For a moment, I’m speechless. Choose the horses? It’s like every dream I’ve ever had is suddenly within reach. “I… yes. Absolutely. I’d be honored. Just let me know the budget.” Budget, goodness knows I hate that word; it rules my world.
“TheFortunawasn’t just carrying human cargo, Diana. It had two large chests of gold. We’re not strapped for cash.”
For a moment, my mind spins with pictures of expensive horseflesh, but I immediately come back to Earth. “We don’t need costly horses. In fact, just the opposite will be better. A little older, a little calmer, a little slower—that’s what we need for therapy horses.”
Laura smiles. “See? I knew you’d fit right in. Substance is always more important than looks, right?”
Is she referring to my nose? My lips? It takes all my self-control not to touch my mouth to hide the scar that slashes from abovemy top lip through the bottom one. One look at her, though, with her compassionate brown eyes, reassures me there was no hidden meaning in her statement.
She stands and extends her hand. “Welcome aboard, Diana. I think you’re going to fit in just fine here.”
As I shake her hand, a wave of emotion washes over me. This is it. A new beginning. Not just a job, but a chance to make a difference, to be part of something bigger than myself.
Walking out of the farmhouse, I take a deep breath of the clean Missouri air. The empty corral no longer looks lonely—instead, it’s full of possibility. I can almost see the horses grazing and hear the sound of hooves stomping on soft earth.
This is my chance to make a difference. And I’m going to give it everything I’ve got.
Chapter Three
Cassius
The harsh lights buzz overhead as I sit in the waiting room of the local clinic. I no longer mention how odd it is to have light without fire. Nor do I remark on how unusual it is to have music at the press of a button or to drive so fast in a horseless vehicle that my stomach flips. I keep my wonder—and terror—to myself.
It’s been weeks since we left the hospital in Switzerland to arrive in this place called Missouri, yet I still find myself marveling at the strangeness of it all. They say we’re not slaves, that I can leave. Where would I go? I’m alone in this world.
Even the other gladiators keep their distance. I’m told almost all of them were from the sameludusback in Rome and they didn’t meet me until I arrived at the docks in Ostia. Varro told me that before boarding, I was struck on the head and knockedsenseless. When I awoke on the ship, I had no memory of anything.
They are all friends with each other, having bonded under the hot sun as they trained together before we met. I feel totally alone, without any memories to comfort me other than the hellish boat trip and then drowning in freezing water, which my mind replays over and over when left to myself with nothing to do.
My thoughts drift back to those first confusing days in a country they call Switzerland, where I awoke to a world I couldn’t comprehend.
Varro told me that fourteen of us were discovered entombed in ice deep in the sea. Laura was looking for theFortunabecause of the gold it had been carrying in our time of 835Ab Urbe Condita, which they tell me is two thousand years ago.
He was completely frozen when she found and revived him. They were shipwrecked on a deserted island. Six months later, they recovered and resurrected the rest of us.
How did we survive, in ice, for two thousand years? None of the doctors and scientists have more than a clue, although most of the men believe that the Goddess Fortuna watched over us in the depths of the sea for all those years.
“Cassius?” A nurse calls my name, pulling me from my thoughts. “Dr. Reeves will see you now.”
My neurologist greets me with a smile as I enter her office. “How are you feeling today?”
“As well as can be expected,” I reply, glad she has a translator and can understand me.
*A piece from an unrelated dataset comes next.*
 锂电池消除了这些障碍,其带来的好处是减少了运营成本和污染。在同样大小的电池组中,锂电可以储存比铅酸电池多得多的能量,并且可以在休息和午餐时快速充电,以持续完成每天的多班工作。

She puts me through another round of examinations. Stand on one foot. Walk in a straight line. Follow the light with your eyes. Each task is a reminder of how much I’ve lost, how far I have to go. Yet, as frustrating as these tests are, I can’t deny the small spark of hope that ignites with each small gain I make.
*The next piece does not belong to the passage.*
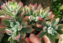 锦晃星是景天科、石莲花属多肉植物。多年生小灌木状多浆植物,灰绿色卵状倒披针形肥厚肉质叶轮状互生,全缘,椭圆尖头,长3-4厘米,宽2-2.5厘米,厚约1厘米,玲凉季节阳光下,叶端及上缘呈红色。…全部>>

“Your balance is improving,” Dr. Reeves notes, making a mark on what I know now is a device called a computer. “How are the headaches?”
I wince, as if her words summoned the dull throbbing at my temples. “Still at least one a day. Less frequent, perhaps, but—”
“But still disabling when they hit?”
I nod.
“We’ll adjust your medication. See if that helps. Now, let’s take a look at your latest scans.”
As she pulls up the images on her computer screen, I find my thoughts wandering. Back at the sanctuary, the others are probably going about their daily routines. Varro, the lucky bastard, lives in the farmhouse with Laura. That woman looks at him as though he were Jupiter himself.
Thrax lives in a small house built shortly after the property was purchased. The rest of us make do in the barracks, trying to create some semblance of normalcy in a world that feels anything but normal.